I told her of my fear. I felt this emptiness and loneliness I couldn't just explain. I leaned on Nancy's shoulder in the pool of my tears. For some minutes, I felt secured and free. But that changed after that miserable night.
It was exactly now 11: 34 pm; we were still together when a gunshot was heard. Then we heard a voice commanding everyone to stay put. Fear gripped me once again. Nancy and I stayed together. Soon, some masked men came inside the hostel and commanded everyone to move outside. I saw three big trucks and many masked men. They again commanded us to enter the truck, and we did.
All this while, Nancy and I prayed that God sends his angels to deliver us from the hands of these men. It was a night of silence as no one spoke to another till we alighted at a place which has remained a land of no return to some of us till date.
The life that followed suit is what has left me with more sorrows in my heart and a big thanks to God. We were subjected to hardship, hard labour and abuse. We were indeed in terror. There we were taught no other God than Allah. We were taught to memorize the Holy Koran. I can't forget this chapter and verse of the Koran; Quran (4:76) - "Those who believe fight in the cause of Allah…” We were made to believe that it is the will of Allah to fight one another, especially Christians who do not believe in Allah.

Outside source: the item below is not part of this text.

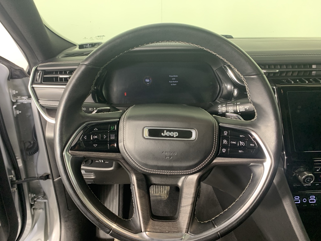 When you encounter slick or muddy roads, you can engage the four wheel drive on it and drive with confidence. This vehicle has auto-adjust speed for safe following. This mid-size suv offers Android Auto for seamless smartphone integration. This 2022 Jeep Grand Cherokee L offers Apple CarPlay for seamless connectivity. The high efficiency automatic transmission shifts smoothly and allows you to relax while driving. See what's behind you with the back up camera on the vehicle. The vehicle has a clean CARFAX vehicle history report. This unit is a manufacturer certified pre-owned vehicle. Set the temperature exactly where you are most comfortable in this model. The fan speed and temperature will automatically adjust to maintain your preferred zone climate. Easily set your speed in it with a state of the art cruise control system. Increase or decrease velocity with the touch of a button. This 2022 Jeep Grand Cherokee L has a V6, 3.6L high output engine. This unit's Forward Collision Warning feature alerts drivers to potential front-end collisions. Enjoy the tried and true gasoline engine in this model. Bluetooth technology is built into it, keeping your hands on the steering wheel and your focus on the road. It is pure luxury with a heated steering wheel. The leather seats in this model are a must for buyers looking for comfort, durability, and style. With the adjustable lumbar support in this unit your back will love you. This mid-sized SUV is perfect for your next adventure. You'll never again be lost in a crowded city or a country region with the navigation system on it. Load groceries and much more with ease into the vehicle thanks to the power liftgate. The vehicle comes with power adjustable seat to get your seat just right for you. Power seats are a must! Start this model from inside with remote start. The Jeep Grand Cherokee L shines with an exquisite metallic silver exterior finish.

We were subjected to sex. I remember the day I was deflowered; I lost my virginity. I had gone in to the hut of the men to serve them food, when one of them called me to an inner room in the hut. That was it, I lost it. I bled, I cried all day. Sex became a play to me because that was what we were made to believe. Females are solely created for sex and nothing greater or lesser than that. Some of us got pregnant, some were given pills that killed them, some were killed for the refusal of dancing to the sound of the music, and some were used as suicide bombers. Nancy, also ended as suicide bomber; May her gentle soul rest in the bosom of the Lord.
We were made to believe that the society hated us; if not the then president would have come rescue us from their hands. The grace of God never left me as luck shone on me on one fateful Friday. We had gone to the field of our camp to get pastures when I saw my little brother, Abubakar. At first, I pretended not to have seen him because we were not allowed to talk with the abducted males. I managed to talk with him, and then we started meeting in our little secret place unknown to the terrorists. We planned of escape and to God be the glory we succeeded (just the two of us). We left the camp with no hope or means of survival.
April 4, 2018, will be the fourth year since our abduction. Some are still there. Some are married to these terrorists with no hope of return. I have never forgotten to put them in my prayers. One can never tell the story better until one becomes a survivor of wicked fate of our dear country. Terrorism is as bad as HIV/AIDS and deadly as Ebola Virus.
I plead that our country becomes united as one in peace, the government with less corruption and the world with one love. We should all be one and our lives will be better.